No Acre, a Shubu Hiwea – Escola Viva Huni Kuï, conduzida pelo pajé Dua Busë e por Netë, beneficia cerca de três mil pessoas na Terra Indígena do Rio Jordão. Além do Parque União da Medicina, dedicado ao cultivo de plantas de cura tradicional, a escola mantém oficinas de tecelagem, nas quais mulheres transmitem os kenês, grafismos sagrados que carregam histórias ancestrais em cada traço.

No Alto Rio Negro, em São Gabriel da Cachoeira (AM), a Wanheke Ipanana Wha Walimanai – Escola Viva Baniwa, ou “Casa de Conhecimento da Nova Geração”, coordenada por Francy e Francisco Fontes Baniwa, beneficia 90 famílias em sete comunidades do rio Içana. Ali, o cotidiano – banho no rio, plantio da roça, cantos e rituais – integra o aprendizado. O povo Baniwa, ou Medzeniakonai, possui três mil anos de história cultural e fala Baniwa, Koripako e Nheengatu.

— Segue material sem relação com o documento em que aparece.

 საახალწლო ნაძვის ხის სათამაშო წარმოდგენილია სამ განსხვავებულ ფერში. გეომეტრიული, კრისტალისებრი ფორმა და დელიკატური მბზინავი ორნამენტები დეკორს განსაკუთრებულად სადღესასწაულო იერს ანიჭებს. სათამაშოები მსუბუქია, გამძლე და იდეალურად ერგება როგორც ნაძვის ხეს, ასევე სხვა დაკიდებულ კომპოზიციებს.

Em Manaus, o Bahserikowi – Escola Viva Tukano-Dessano-Tuyuka é o primeiro Centro de Medicina Indígena do Amazonas, coordenado por João Paulo Tukano e Ivan Tukano. Atende cerca de mil pessoas por ano com benzimentos e plantas medicinais, mantendo parcerias com a OPAS, a SESAI e a Fiocruz, além de receber turmas da Universidade Federal do Amazonas para intercâmbio entre saberes indígenas e científicos.

Impactos e expansão

Em outubro, a residência Casa Escola Viva, realizada pela Selvagem no MAM Rio, reuniu dez artistas indígenas da Amazônia e da Mata Atlântica em criação coletiva e intercâmbio de saberes. Como desdobramento, está prevista para o primeiro semestre de 2026 uma exposição no Instituto Tomie Ohtake, ampliando a circulação dessas criações e o debate sobre arte indígena e proteção de saberes tradicionais.

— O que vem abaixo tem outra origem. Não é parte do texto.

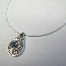 Recycled Sterling Silver Paisley Teardrop Necklace with Denim Lapis Lazuli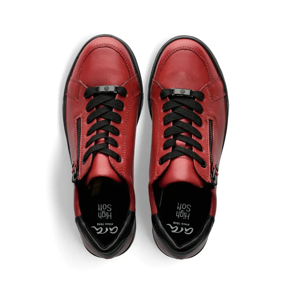 Dámské tenisky Ara Rom v červené kůži s froté podšívkou a vyjímatelnou stélkou. Díky technologii HighSoft® a bambusovému materiálu uvnitř nabízejí maximální pohodlí pro každý den.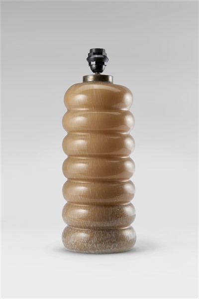 Lampada da tavolo con corpo a costolature orizzontali in vetro soffiato beige opaco e a macchie lattimo con applicazione di foglia d'oro. Anni '60/'70. (h cm 50)

Em 2024, as Escolas Vivas realizaram mais de 54 oficinas e 6 passeios educativos, envolvendo crianças, jovens e mestres em experiências interculturais. No Rio de Janeiro, a parceria com a Escola Municipal Professor Escragnolle Dória levou práticas indígenas para 440 crianças e 20 professores.

Os Diários de Aprendizagens, escritos por Cristine Takuá e Veronica Pinheiro e traduzidos para o inglês, ampliam o alcance internacional do projeto. Cristine participou de debates globais sobre educação indígena em palcos como o Kunstenfestivaldesarts (Bélgica), o Skábmagovat Indigenous Film Festival (Finlândia) e conferências em Harvard (EUA).

Atualmente, a Selvagem articula a criação de uma sexta Escola Viva, junto ao povo Potiguara, no Nordeste.

+ Fundada por Anna Dantes e co-fundada por Ailton Krenak, a Selvagem é uma organização não governamental que desde 2018 se dedica a estudar, compartilhar e apoiar saberes indígenas, compondo diálogos entre ciências e artes. Suas ações garantem repasses diretos às Escolas Vivas e criam iniciativas conjuntas, imaginando posturas regenerativas e não destrutivas de estar no mundo.